▶ [WHAT TO DO]
Begin at the line below that has "polka-dot blouse Highlights". Stop after the line that has "Collection of foam", repeating each line exactly and leaving out the pictures.
DATA SECTION: Begin
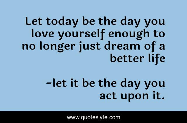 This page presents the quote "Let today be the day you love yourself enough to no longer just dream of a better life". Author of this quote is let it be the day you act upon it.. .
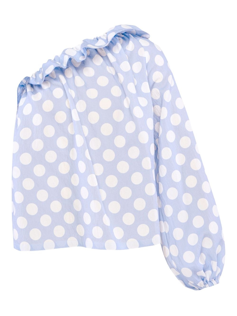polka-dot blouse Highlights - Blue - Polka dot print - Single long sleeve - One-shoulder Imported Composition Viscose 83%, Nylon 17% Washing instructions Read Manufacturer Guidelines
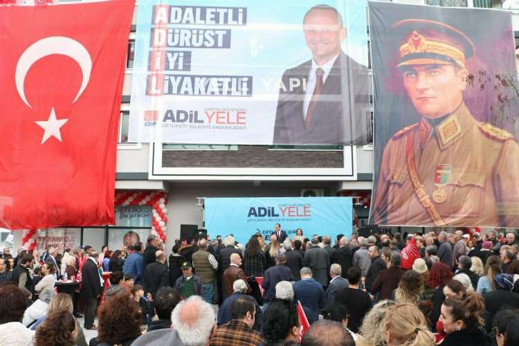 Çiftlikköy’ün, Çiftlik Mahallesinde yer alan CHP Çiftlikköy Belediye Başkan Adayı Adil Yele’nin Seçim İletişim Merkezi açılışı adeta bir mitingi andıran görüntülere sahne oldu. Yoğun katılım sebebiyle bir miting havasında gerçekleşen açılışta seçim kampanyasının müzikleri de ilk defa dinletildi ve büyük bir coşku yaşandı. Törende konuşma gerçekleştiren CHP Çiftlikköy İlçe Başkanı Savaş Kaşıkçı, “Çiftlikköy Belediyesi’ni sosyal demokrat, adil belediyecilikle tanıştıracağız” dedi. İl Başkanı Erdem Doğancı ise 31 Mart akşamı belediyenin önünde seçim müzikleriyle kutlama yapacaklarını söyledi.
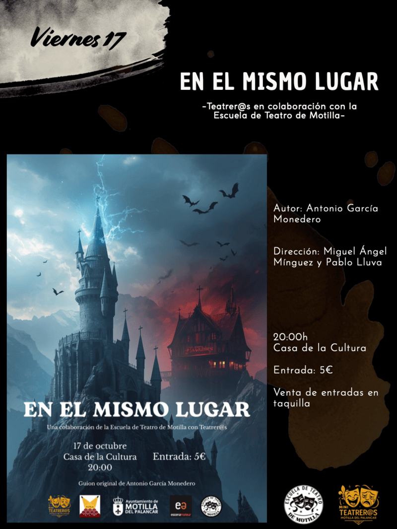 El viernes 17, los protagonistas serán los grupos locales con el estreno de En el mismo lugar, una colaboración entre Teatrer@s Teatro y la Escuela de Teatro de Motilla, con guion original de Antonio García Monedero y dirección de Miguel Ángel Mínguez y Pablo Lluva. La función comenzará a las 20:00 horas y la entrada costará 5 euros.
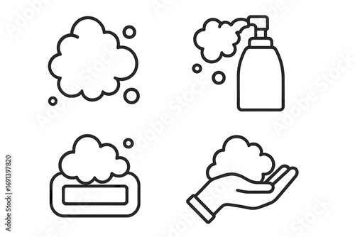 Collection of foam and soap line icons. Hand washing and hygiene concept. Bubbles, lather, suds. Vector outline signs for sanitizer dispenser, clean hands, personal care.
DATA SECTION: End
DATA SECTION: Begin
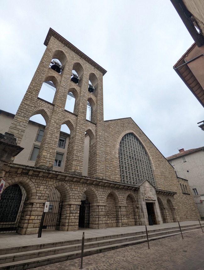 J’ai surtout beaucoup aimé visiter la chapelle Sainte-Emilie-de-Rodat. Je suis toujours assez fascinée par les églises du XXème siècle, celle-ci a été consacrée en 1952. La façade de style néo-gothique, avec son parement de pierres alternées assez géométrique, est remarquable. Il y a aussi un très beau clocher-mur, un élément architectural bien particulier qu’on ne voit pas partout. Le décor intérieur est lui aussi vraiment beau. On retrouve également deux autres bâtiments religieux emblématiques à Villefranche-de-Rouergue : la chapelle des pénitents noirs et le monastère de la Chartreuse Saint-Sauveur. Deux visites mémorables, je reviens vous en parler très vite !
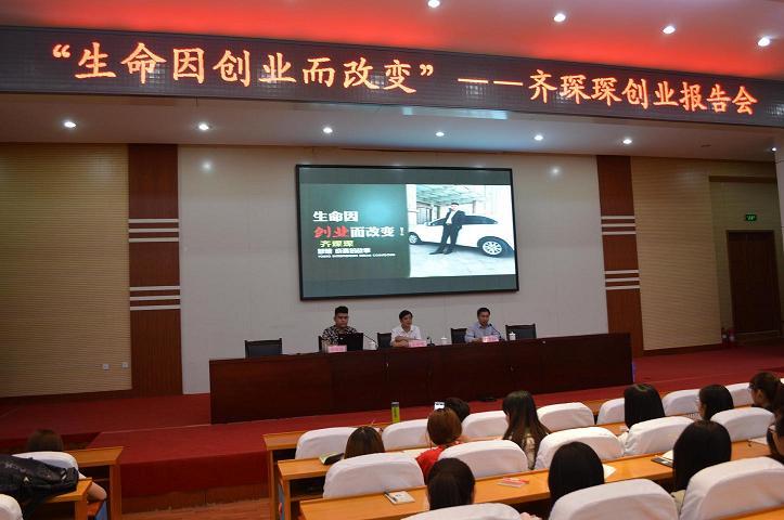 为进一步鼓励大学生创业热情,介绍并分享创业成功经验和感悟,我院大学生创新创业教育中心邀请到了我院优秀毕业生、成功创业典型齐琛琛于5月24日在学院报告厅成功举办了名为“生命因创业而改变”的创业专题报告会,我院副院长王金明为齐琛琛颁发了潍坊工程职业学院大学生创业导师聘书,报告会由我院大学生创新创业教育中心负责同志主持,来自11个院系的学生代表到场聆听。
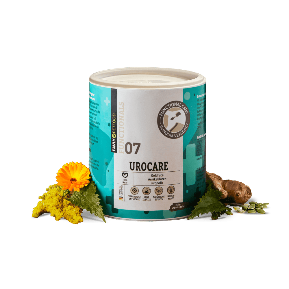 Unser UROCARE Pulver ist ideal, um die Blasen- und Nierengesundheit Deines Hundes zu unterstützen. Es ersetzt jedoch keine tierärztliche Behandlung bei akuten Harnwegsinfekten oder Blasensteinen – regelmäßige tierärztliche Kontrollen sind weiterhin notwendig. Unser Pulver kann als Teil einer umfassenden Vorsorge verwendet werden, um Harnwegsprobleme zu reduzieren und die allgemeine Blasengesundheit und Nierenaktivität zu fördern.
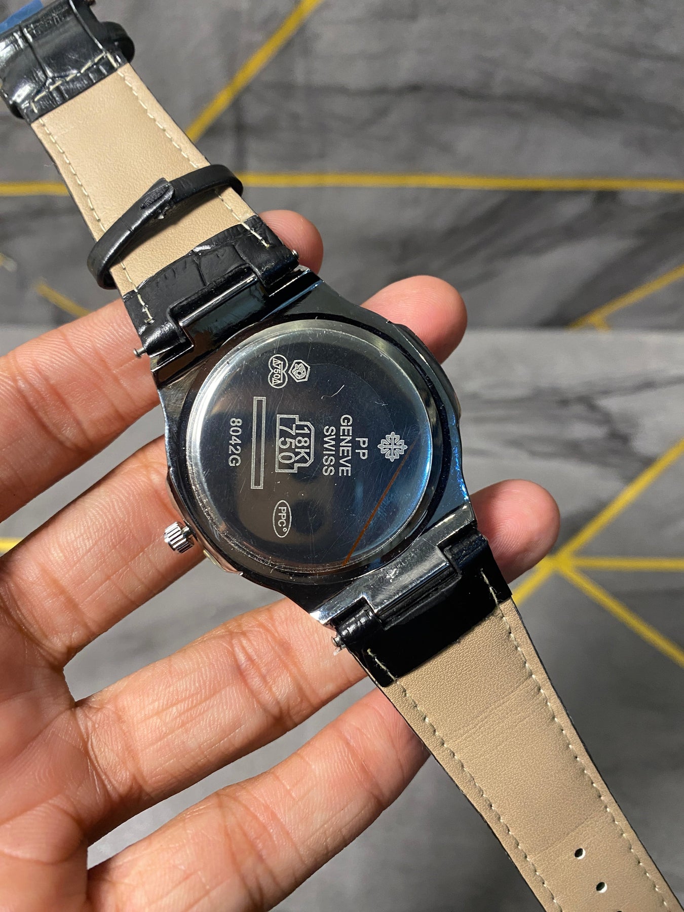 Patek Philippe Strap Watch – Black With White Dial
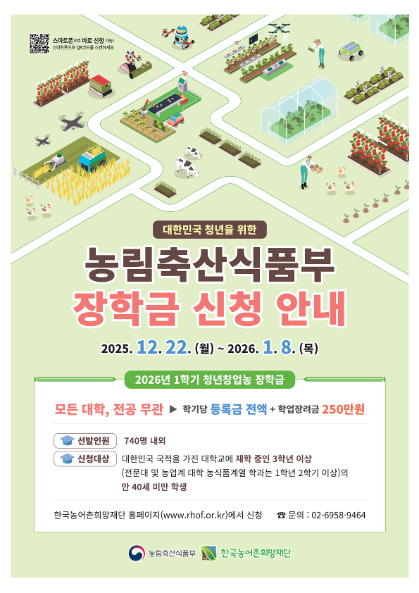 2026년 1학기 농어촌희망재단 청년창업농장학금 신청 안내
DATA SECTION: End
▶ [EXERCISE RESULT]
polka-dot blouse Highlights - Blue - Polka dot print - Single long sleeve - One-shoulder Imported Composition Viscose 83%, Nylon 17% Washing instructions Read Manufacturer Guidelines
 Çiftlikköy’ün, Çiftlik Mahallesinde yer alan CHP Çiftlikköy Belediye Başkan Adayı Adil Yele’nin Seçim İletişim Merkezi açılışı adeta bir mitingi andıran görüntülere sahne oldu. Yoğun katılım sebebiyle bir miting havasında gerçekleşen açılışta seçim kampanyasının müzikleri de ilk defa dinletildi ve büyük bir coşku yaşandı. Törende konuşma gerçekleştiren CHP Çiftlikköy İlçe Başkanı Savaş Kaşıkçı, “Çiftlikköy Belediyesi’ni sosyal demokrat, adil belediyecilikle tanıştıracağız” dedi. İl Başkanı Erdem Doğancı ise 31 Mart akşamı belediyenin önünde seçim müzikleriyle kutlama yapacaklarını söyledi.
 El viernes 17, los protagonistas serán los grupos locales con el estreno de En el mismo lugar, una colaboración entre Teatrer@s Teatro y la Escuela de Teatro de Motilla, con guion original de Antonio García Monedero y dirección de Miguel Ángel Mínguez y Pablo Lluva. La función comenzará a las 20:00 horas y la entrada costará 5 euros.
 Collection of foam and soap line icons. Hand washing and hygiene concept. Bubbles, lather, suds. Vector outline signs for sanitizer dispenser, clean hands, personal care.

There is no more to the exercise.